*EXERCISE REQUIREMENTS*: For this exercise, return only the lines in the records below from the one holding "弟妹們認真學習，勇於嘗試，勇" through the one holding "<第1回企画運営委員会の様子>", including both, exactly as they appear and without pictures.

*RECORDS SHOWN*:
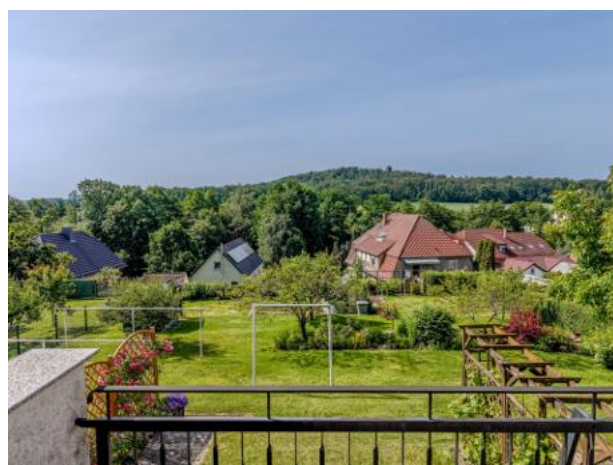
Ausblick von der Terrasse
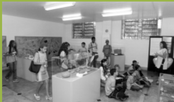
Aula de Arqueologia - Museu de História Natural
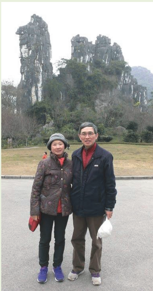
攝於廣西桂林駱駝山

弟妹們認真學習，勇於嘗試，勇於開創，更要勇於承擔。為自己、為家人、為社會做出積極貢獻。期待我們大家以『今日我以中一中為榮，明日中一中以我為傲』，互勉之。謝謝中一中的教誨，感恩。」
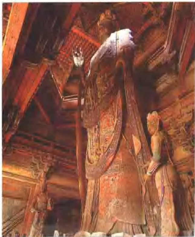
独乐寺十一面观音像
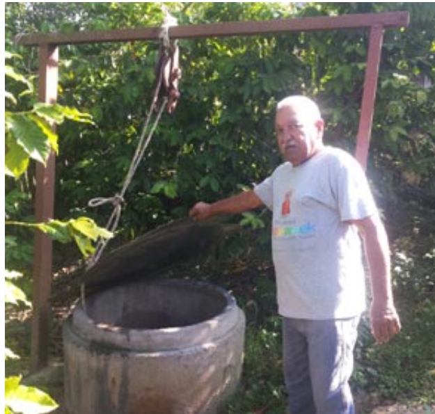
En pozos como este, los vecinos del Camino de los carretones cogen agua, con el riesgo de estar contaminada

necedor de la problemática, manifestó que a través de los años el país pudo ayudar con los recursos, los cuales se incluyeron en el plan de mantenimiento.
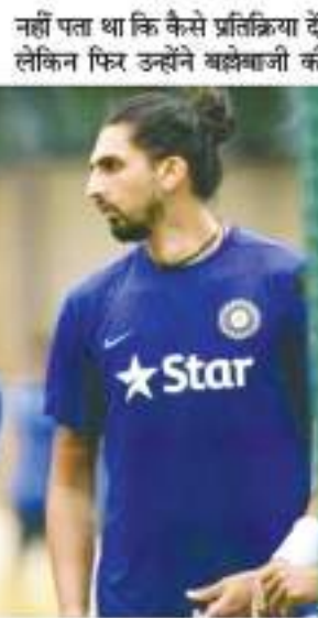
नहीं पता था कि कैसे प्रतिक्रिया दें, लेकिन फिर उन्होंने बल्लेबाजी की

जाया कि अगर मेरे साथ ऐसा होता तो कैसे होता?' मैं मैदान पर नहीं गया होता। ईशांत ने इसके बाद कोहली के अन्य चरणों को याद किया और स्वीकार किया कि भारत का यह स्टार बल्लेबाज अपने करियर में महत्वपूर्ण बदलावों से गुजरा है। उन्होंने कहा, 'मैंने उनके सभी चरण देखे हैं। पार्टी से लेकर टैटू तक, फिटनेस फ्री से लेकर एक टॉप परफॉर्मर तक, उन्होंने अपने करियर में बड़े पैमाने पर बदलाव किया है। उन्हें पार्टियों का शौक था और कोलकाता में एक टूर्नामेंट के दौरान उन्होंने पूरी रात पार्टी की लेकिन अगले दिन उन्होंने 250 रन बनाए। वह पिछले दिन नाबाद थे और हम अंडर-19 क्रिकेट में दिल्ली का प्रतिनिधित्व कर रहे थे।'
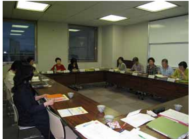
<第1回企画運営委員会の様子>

==

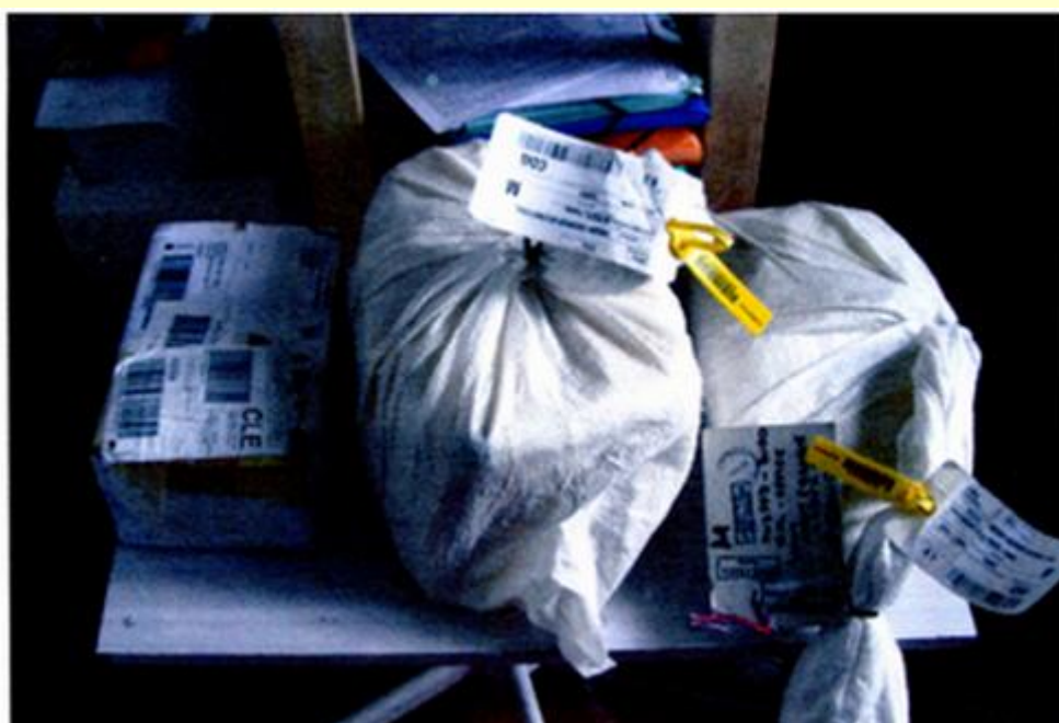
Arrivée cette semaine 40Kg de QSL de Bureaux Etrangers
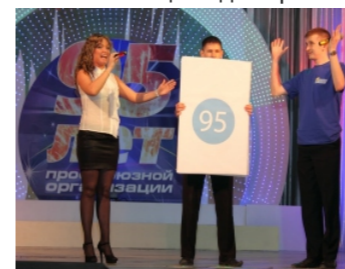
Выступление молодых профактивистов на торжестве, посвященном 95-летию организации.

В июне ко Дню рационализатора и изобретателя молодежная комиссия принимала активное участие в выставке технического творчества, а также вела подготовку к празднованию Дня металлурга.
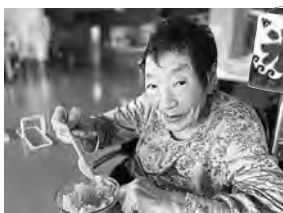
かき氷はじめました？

*OUTPUT BELOW*:
弟妹們認真學習，勇於嘗試，勇於開創，更要勇於承擔。為自己、為家人、為社會做出積極貢獻。期待我們大家以『今日我以中一中為榮，明日中一中以我為傲』，互勉之。謝謝中一中的教誨，感恩。」
独乐寺十一面观音像
En pozos como este, los vecinos del Camino de los carretones cogen agua, con el riesgo de estar contaminada

necedor de la problemática, manifestó que a través de los años el país pudo ayudar con los recursos, los cuales se incluyeron en el plan de mantenimiento.
नहीं पता था कि कैसे प्रतिक्रिया दें, लेकिन फिर उन्होंने बल्लेबाजी की

जाया कि अगर मेरे साथ ऐसा होता तो कैसे होता?' मैं मैदान पर नहीं गया होता। ईशांत ने इसके बाद कोहली के अन्य चरणों को याद किया और स्वीकार किया कि भारत का यह स्टार बल्लेबाज अपने करियर में महत्वपूर्ण बदलावों से गुजरा है। उन्होंने कहा, 'मैंने उनके सभी चरण देखे हैं। पार्टी से लेकर टैटू तक, फिटनेस फ्री से लेकर एक टॉप परफॉर्मर तक, उन्होंने अपने करियर में बड़े पैमाने पर बदलाव किया है। उन्हें पार्टियों का शौक था और कोलकाता में एक टूर्नामेंट के दौरान उन्होंने पूरी रात पार्टी की लेकिन अगले दिन उन्होंने 250 रन बनाए। वह पिछले दिन नाबाद थे और हम अंडर-19 क्रिकेट में दिल्ली का प्रतिनिधित्व कर रहे थे।'
<第1回企画運営委員会の様子>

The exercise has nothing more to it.